Duoandikoetxea's Fourier Analysis, on page 59 (Corollary 3.7) says that:
\begin{equation} \lim_{R \rightarrow \infty}\big\|S_{R}\,f - f\big\|_{p} = 0 \end{equation}
for $1<p<\infty$, where $S_{R}\,f \:$ is such that $\widehat{S_{R}\,f}\left(y\right)$ = $\chi_{(-R,R)}\left(y\right) \,\hat{f}(y)$. He also proves that there is a constant $C_{p}$ such that $||\,S_{R}\,f\,||_{p} \le C_{p}\|\,f\|_{p}$, and that this $C_{p}$ doesn't depend on $R$.

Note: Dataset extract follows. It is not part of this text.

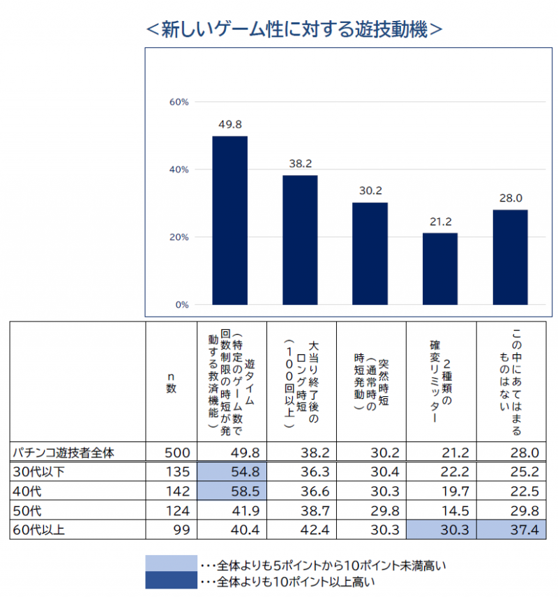 シーズリサーチが全国のパチンコ遊技者を対象に実施した「新しいゲーム性」についてのアンケート調査によると、提示した4つのゲーム性すべてについて、月1回程度の頻度の遊技者よりも週1回以上の頻度の遊技者の認知度が高く、週1回以上の頻度の遊技者の7割が「遊タイム(特定のゲーム数で回数制限の時短が発動する救済機能)」を認知し、5割がこれを遊技動機になると評価した。
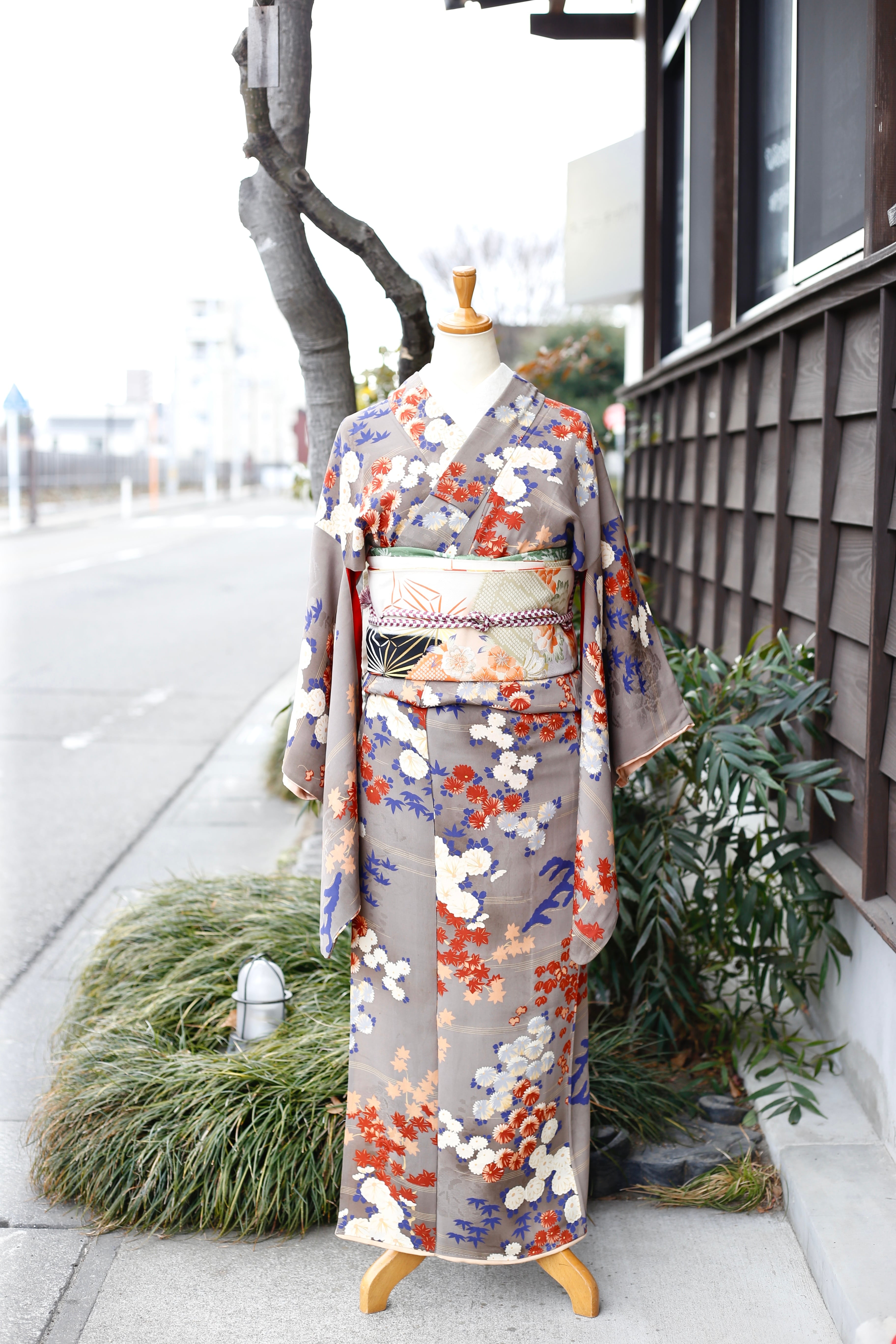 〈アンティーク着物〉グレージュ 菊 綸子

After that he says that this is not true when $p=1$, but he doesn't give a counterexample. What function would contradict this when $p=1$?
Another thing, he obtains the limit above as a consequence of $\|\,S_{R}\,f\,\|_{p} \leq C_{p}\,\|f\|_{p}$. I can prove the limit above for all $f \in L^{p}$ if I know that it is valid for a dense subset, let's say, $S(\mathbb{R})$ (Schwartz class) or $C^{\infty}_{c}$ by approximating $f$ using such functions. How do I prove the limit above for $f$ in any of these spaces?
Suppose we have that $\|S_R f\|_{p}\le C_p\|f\|_{p}$ for some constant $C_p >0$, $p\in (0,\infty)$. Since Schwartz functions are dense in $L^p$, for every $\varepsilon >0$, there exists $g\in\mathcal{S}$ such that $\|f-g\|_{p}<\varepsilon$.
\begin{align} \|S_R f-f\|_{p} & \le\|S_R f-S_R g\|_{p}+\|S_R g-g\|_{p}+\|g-f\|_{p}\\ & \le (1+C_p)\|f-g\|_{p}+\|S_R g-g\|_{p} \end{align} Also, \begin{align} g(x) & =\lim_{R\rightarrow\infty}\int_{|\xi|<R} \hat g(\xi)e^{2\pi ix\xi}d\xi\\ & =\lim_{R\rightarrow\infty} S_R g \end{align}
So for $\varepsilon >0$ as above, there exists a $\tilde R>0$ such that $|S_R g-g|<\varepsilon$ for all $R>\tilde R$. Thus, for all $R>\tilde R$, $\|S_R f-f\|_{p}<C\varepsilon$. But $\varepsilon$ is arbitary.